Vier-Punkte-Agrarprogramm von Kurz und Köstinger
Gerade mal zwei Seiten stark ist das „Agrarkapitel“ im Wirtschaftsprogramm von ÖVP-Kanzlerkandidat Sebastian Kurz, das gestern von dessen Generalsekretärin Elisabeth Köstinger vorab in der „Kronenzeitung“ angekündigt wurde. Eine Forderung lässt aufhorchen: ein „Anti-Gentechnik-Rabatt“ für Österreichs Landwirte. Dem Bauernbund fehlen dazu vorerst die Worte.
In der BLICK INS LAND vorliegenden Doppelseite der Agrarpläne unter dem Motto „Landwirtschaft zukunftsfit halten“ heißt es konkret: „Österreich steht für landwirtschaftliche Produkte auf höchstem Niveau – und diese Positionierung sollten wir weiter ausbauen. Wir stehen zur Gentechnikfreiheit unseres Heimaltlandes und müssen uns auch in der EU für die Schaffung eines gentechnikfreien Europas stark machen. Das können wir nur mit den entsprechenden finanziellen Anreizen schaffen. Deshalb sollte es für jene EU-Mitgliedsstaaten, die sich ebenfalls der Gentechnikfreiheit verschrieben haben, einen ‚Anti-Gentechnik-Rabatt‘ geben.“
Zudem müsse eine „europäische Agrarpolitik auch in Zukunft sicherstellen, dass Familienbetreibe überleben können und faire Preise für ihre Produkte bekommen“, heißt es in dem Grundsatzpapier. Dazu soll „das Förderwesen vereinfacht und Bürokratie abgebaut werden.“ Eine jahrzehntealte Forderung, die Österreichs Bäuerinnen und Bauern bekannt sein sollte und ebenso lang auf Umsetzung wartet.
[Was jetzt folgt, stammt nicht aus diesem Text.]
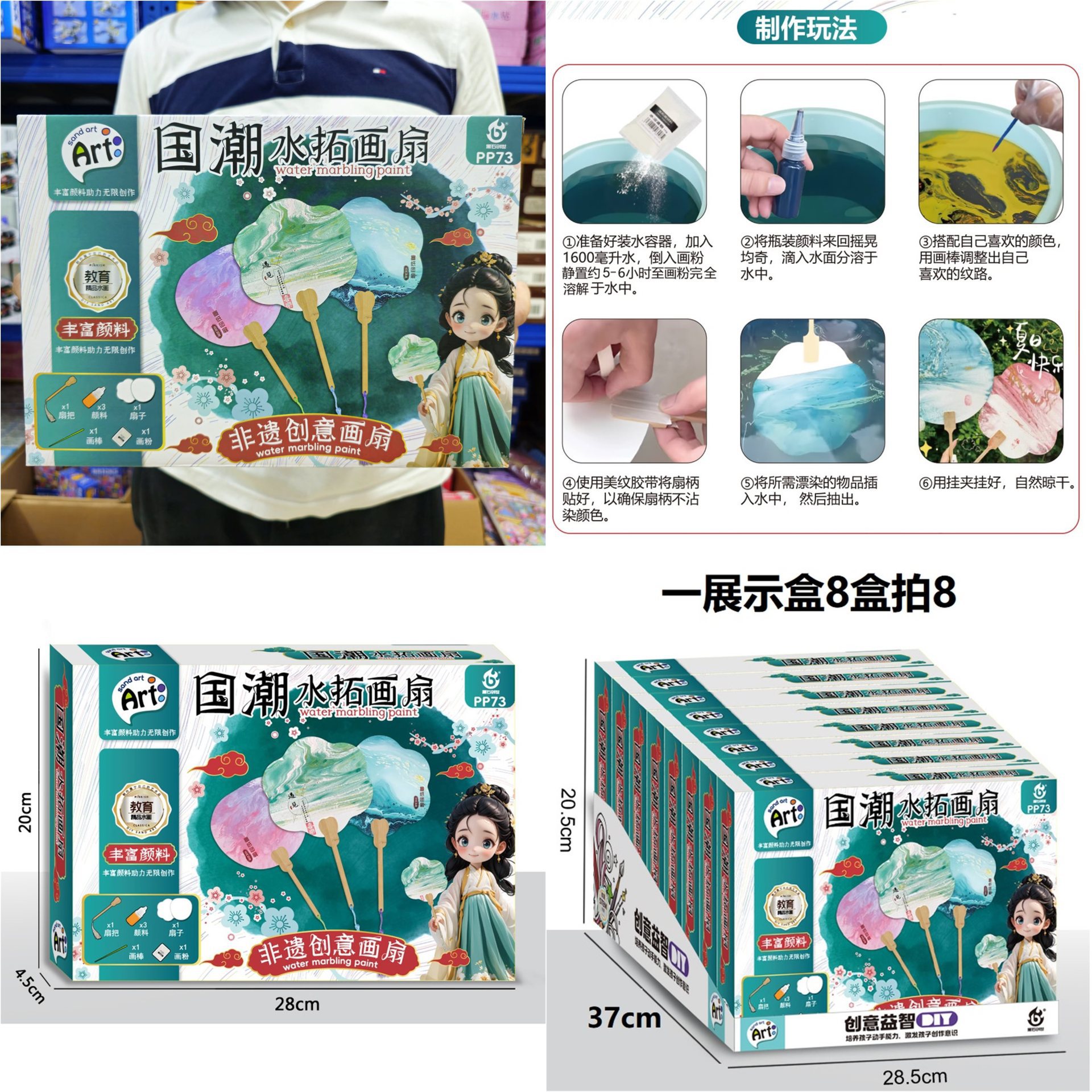 • 국산 조수 페인트 부채 세트, 부채 1개, 3색 물감 [1개 디스플레이 상자, 8개]

Zweiter „Schwerpunkt“ im Vier-Punkte-Bauernprogramm der neuen ÖVP-Riege ist die Modernisierung der Landwirtschaft: „Unter den Schlagworten Bauernhof 4.0 und Smart Farming sollen Rahmenbedingungen für eine stärkere Digitalisierung und Nutzung von Daten in der Landwirtschaft geschaffen werden“, durch Unterstützung von Pilotprojekten und mit Wahrung der Rechtssicherheit über Betriebsdaten. Stärken wollen Kurz und Köstinger auch die Direktvermarktung durch Online-Handel, „um neue Umsatzmöglichkeiten zu erschließen und übliche Handelsspannen zu umgehen“. Dafür sei „die Abgrenzung zum Online-Großversandhandel zu verbessern.“
Konkretere Angaben, wer Österreichs Bauern den Anti-Gentechnik-Rabatt gewähren soll und wie hoch dieser ausfallen könnte bleiben Kurz und sein Team vorerst schuldig. Das Programm dürfte unter Bauern bis zum Wahltag am 15. Oktober also noch für heftige Diskussionen sorgen. Von einer „gentechnikfreien Agrarproduktion“ ist Österreich noch weit entfernt.
Für die Fütterung von Schweinen werden etwa nach wie vor gentechnisch veränderte Sojabohnen aus Übersee in großen Mengen importiert. Milchproduzenten sowie die Gefügelwirtschaft haben die Fütterung ihrer Kühe und Hühner dagegen schon vor Jahren auf GVO-freies Futter umgestellt, die Milchbauern seit dem Vorjahr sogar mit Garantie auf europäische Rohstoffe. Österreichs Äcker sind ebenfalls gentechnikfrei, der Anbau von GVO-Kulturen ist verboten.
Viele Landwirte werden in den kommenden Wochen wohl noch auf konkretere Angaben zum Agrarprogramm der Kurz-Truppe pochen. Ein Agrarrabatt unter Aussparung einer Branche – der Schweinewirtschaft – dürfte im Bauernbund dagegen auf wenig Zustimmung stoßen. Ein Indiz dafür: Auch dem neuen Bauernbundpräsidenten Georg Strasser ist der Anti-Gentechnik-Rabatt in einer ersten zustimmenden Aussendung zum Agrarprogramm der Liste Kurz keine Erwähnung wert.